When researching or transitioning into a new industry it is important to understand the core competencies required of common roles in the space. For Facility Management (FM), the International Facilities Management Association (IFMA) defines 11 core competencies every FM needs with varying degrees of skills and knowledge. Simply put, not all organizations have the same requirements to cultivate all 11 core competencies, or the competency needs are fulfilled by organizational experts in departments other than FM.
The challenge for transitioning veterans is knowing which ones are actually prioritized by employers for most entry-to-mid-level roles. Knowing this priority list will allow you to tailor your Skills, Knowledge, and Experience (SKEs) on resumes and tweak interview preparations to market yourself in a more targeted manner. Stratum connected with Dr. Doug Aldrich, an IFMA Fellow and Army veteran, to provide some thoughts into how employers are likely prioritizing these competencies.
DA: I did a lot of college interviewing for my company and really enjoyed meetings with non-traditional Vets. It was easy to focus on what they could contribute in civilian jobs based on military ones. Often, I had to draw those out since they didn’t always see them as strengths.
To assist in the process of connecting military experience to what employees are looking for, we organized the competencies into a list of what’s likely to be encountered in a job search by the average veteran with 4-6 years of military experience. Each competency is marked E-Essential (key area), I-Important (encountered), and O-Optional (less likely) for entry-to-mid-level roles, with some garnering a blend of categories.
E Communications: plans, tools, deliveries, reports. DA: Likely to be found with Vets and a critical SKE to highlight. Communication is the lubricant that makes FM function.
E Project Management: planning, executing, large vs small, people impact. DA: Should be a key experience of candidates and a great skill to sell companies. To note, these [project management] positions don’t need years of FM experience, since good project managers are worth their weight in gold.
E Human Factors: work environment, practices, relationships, improvements. DA: Often encountered in the military as one gains rank, this is especially relevant since leading teams is so common in FM.
Essential, but encountered less frequently, or are more role-specific:
E-I Operations & Maintenance: services, oversight, planning, results. DA: Vets likely to have exposure if not experience; this applies to managing and doing.
E-I Finance & Business: budgets, monitoring results, contracts, procurement. DA: Latter two could be good selling points in FM jobs; former ones may be spotty.
E-I Emergency Planning & Business Continuity: game plans, testing, recovery. DA: First part is big with FM, but the second part depends on what operations are critical.

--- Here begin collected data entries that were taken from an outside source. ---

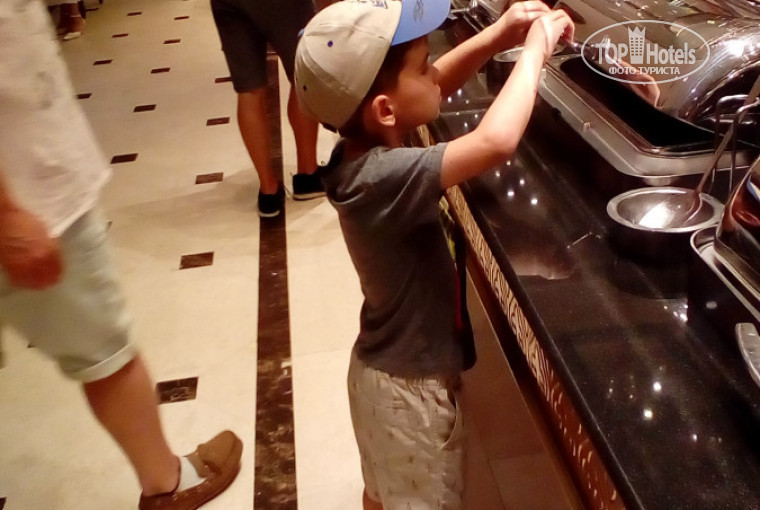 Прибыли мы в 20.00,заселились и пошли на ужин. Кухня - глаза разбегаются,всего не перечислишь!!! Начинаешь вспоминать про жалобы на кухню в этом отеле,хочется сказать,ребят,вы в своем уме??? Это ресторанный уровень и в меню и в подаче. Постоянные национальные ужины,запомнился итальянский,мексиканский. Если вы приверженец правильного питания или диеты,пожалуйста вам все отварное без специй,томатной пасты и остроты. Как можно кухню турецкую назвать пресной? Это тоже вспоминается чей- то отзыв! Обилие специй,приправ,пряностей! Какое хочешь мясо,правда свинины вроде не было,все-таки таки мусульманская страна,но и без нее было мяса предостаточно: баранина,телятина,говядина,курица,индейка,рыба,креветки.больше всего мне нравилась рыба на гриле,вечером она была божественна. Фрукты,море сладостей,мороженое,по утрам апельсин сок,свежевыжитый самостоятельно. Все разновидности кухни не перечислить,это был настоящий праздник живота.отдельной детской кухни нет,но в меню для детей можно выбрать ну очень много всего достойного! Заметила,что все дети мира очень плохо едят,как и мой,ковыряются часами в тарелке)) правда,не было каш,ну и ладно,это не смертельно. Прекрасные оладушки,ели каждый день с джемом,шоколадом,такие воздушные я никогда не ела. Жарятся не на масле,а на специальной плите.
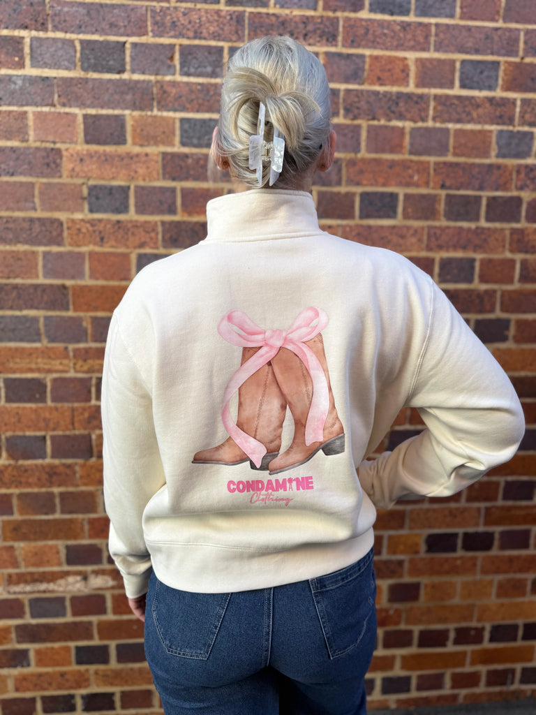 The signature CC logo is printed on the front, with a charming boots & bow print on the back—perfect for adding a touch of personality to your look. Whether you're relaxing at home or out on the go, this jumper is a wardrobe essential! 🌟
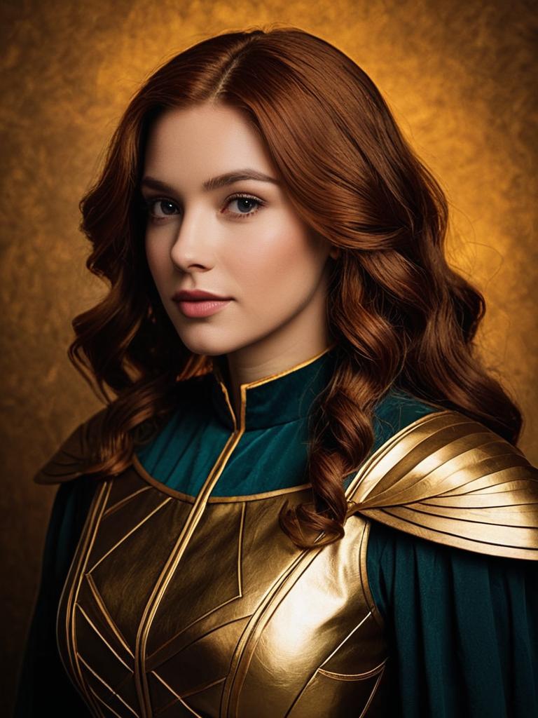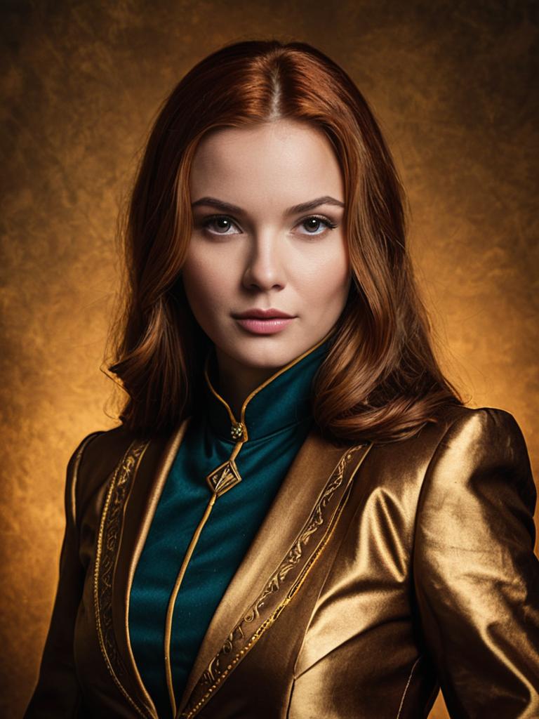 Portrait of a woman with long red hair wearing a detailed Flay Allster cosplay costume featuring dark teal velvet with gold metallic accents and structured shoulder pieces. The costume includes a high collar with a gemstone brooch, set against a warm, textured background.

E-O Leadership & Strategy: management of staff, focus of organization, process development. DA: First part should be a great fit for Vets to seek/emphasize, second less so.
Important, but less encountered:
I Quality: standards, metrics, measures, complaints, workflows/processes. DA: They may not have much of Deming's principles, but workflows are a big deal for FM.
I Technology: Most organizations have their own systems, but a familiarity with CMMS platforms [like FlowPath], iPhone apps and the like are useful. DA: User comfort with them is good, but this is mostly OJT.
Optional, less likely to be encountered:
I-O Environmental Stewardship & Sustainability: programs, reports, results. DA: This is nice to be aware of and just about every role in the military is impacted by resource conservation.
O Real Estate & Property Management: asset oversight, budgeting, leasing. DA: This is unlikely to be an immediate Vet role and not likely to be hired into initially.
DA: Bottom line, SKEs involving communications, maintenance, teamwork, leadership, and project management are good selling points [to include in resumes and interviews]. Quality, technology, and operations are primarily learned on the job. Emergency response will be a relevant concern. The others are unlikely to be encountered much.